Description of the task: All pictures must be left out as you transcribe the lines from the first line of the data to the line containing "Tekbiratoul ihram - L'entrée", both included.

Supplied information:
┌────────
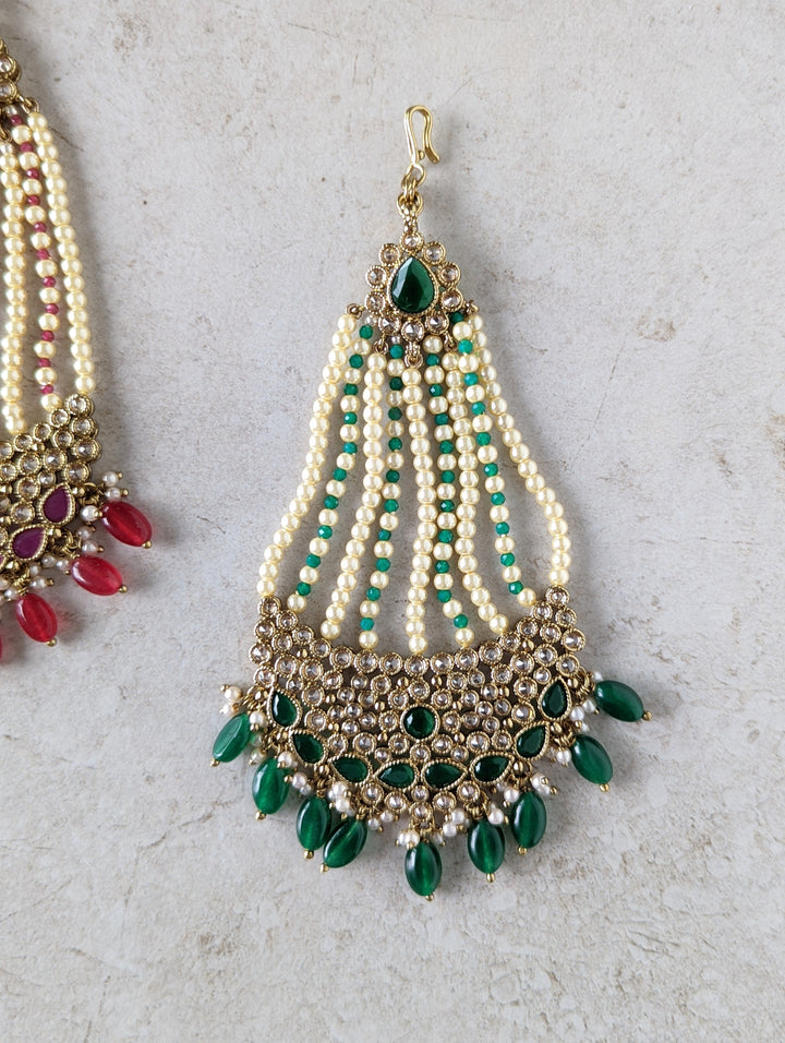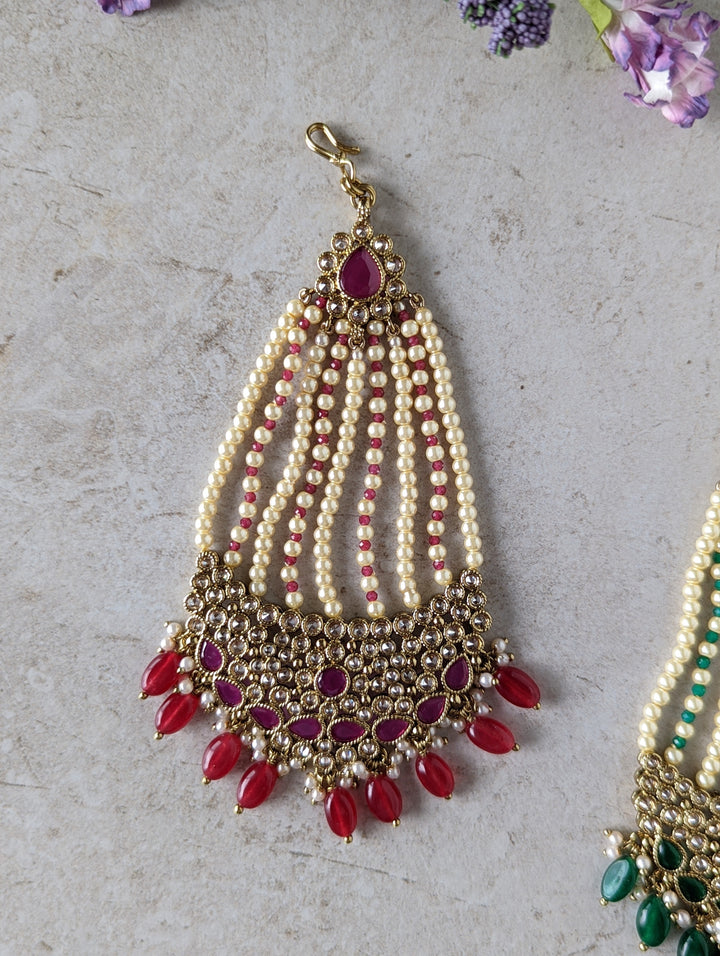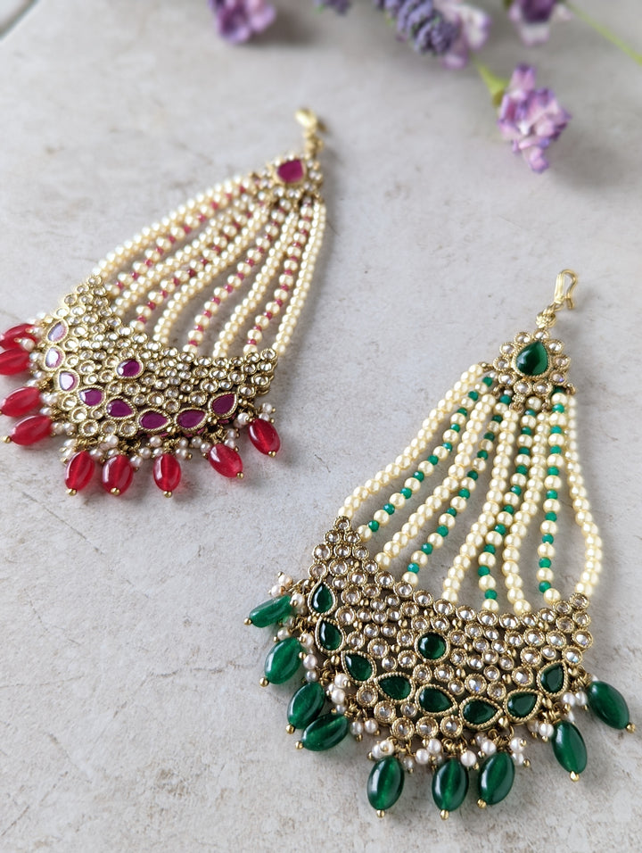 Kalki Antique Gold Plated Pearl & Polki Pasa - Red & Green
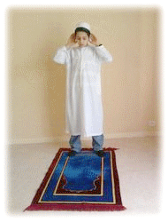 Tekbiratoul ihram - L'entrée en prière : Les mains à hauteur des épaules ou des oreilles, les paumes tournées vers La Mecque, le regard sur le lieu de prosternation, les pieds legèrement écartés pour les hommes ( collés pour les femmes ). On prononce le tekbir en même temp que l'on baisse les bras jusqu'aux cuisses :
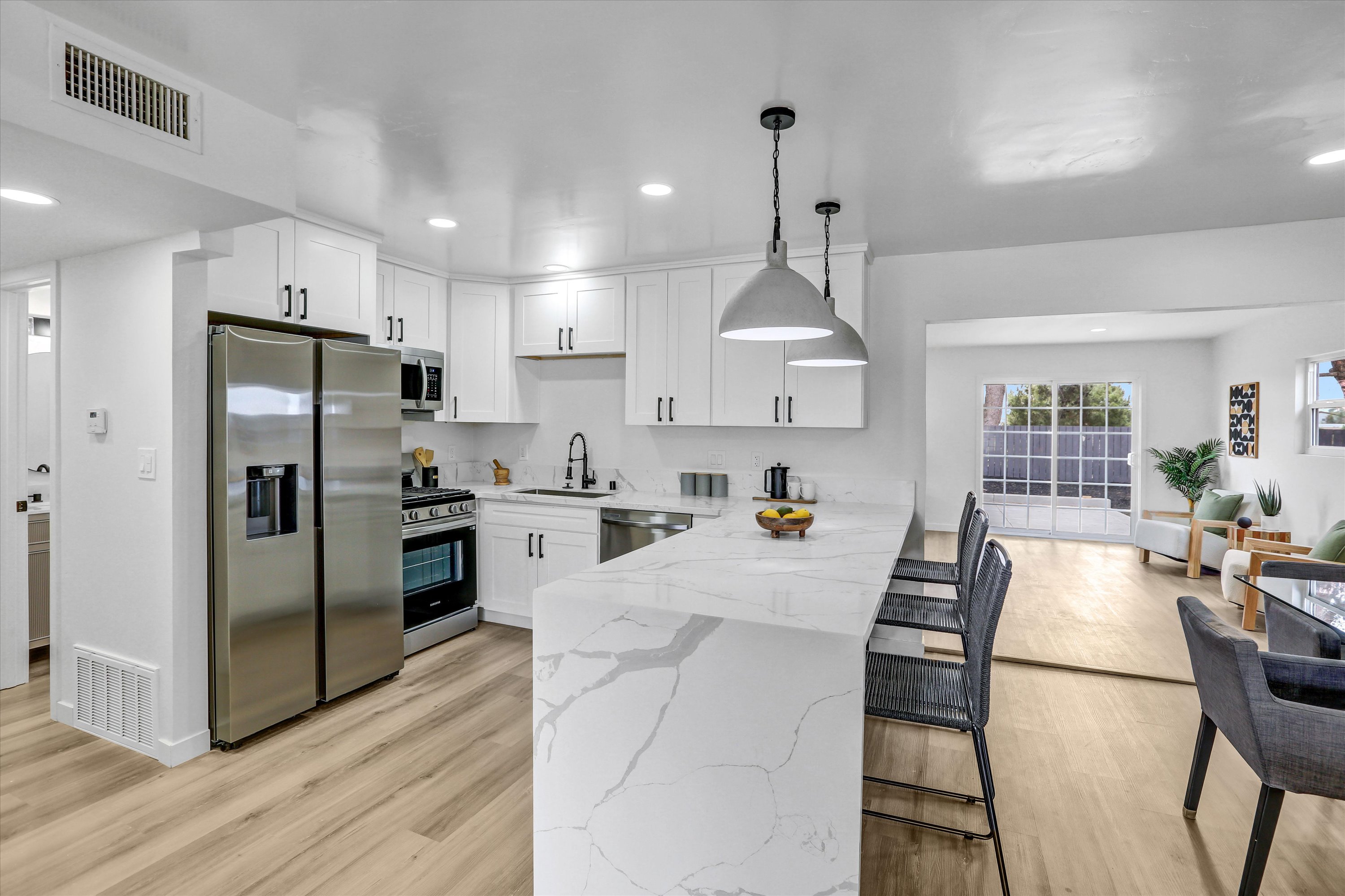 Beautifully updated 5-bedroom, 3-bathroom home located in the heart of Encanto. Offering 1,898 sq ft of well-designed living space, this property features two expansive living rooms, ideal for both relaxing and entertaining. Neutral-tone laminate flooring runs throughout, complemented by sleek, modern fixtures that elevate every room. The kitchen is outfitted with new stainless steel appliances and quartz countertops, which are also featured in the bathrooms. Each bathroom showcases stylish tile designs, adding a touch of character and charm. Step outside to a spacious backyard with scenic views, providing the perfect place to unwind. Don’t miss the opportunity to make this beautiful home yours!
└────────
Answer to this exercise:
 Kalki Antique Gold Plated Pearl & Polki Pasa - Red & Green
 Tekbiratoul ihram - L'entrée en prière : Les mains à hauteur des épaules ou des oreilles, les paumes tournées vers La Mecque, le regard sur le lieu de prosternation, les pieds legèrement écartés pour les hommes ( collés pour les femmes ). On prononce le tekbir en même temp que l'on baisse les bras jusqu'aux cuisses :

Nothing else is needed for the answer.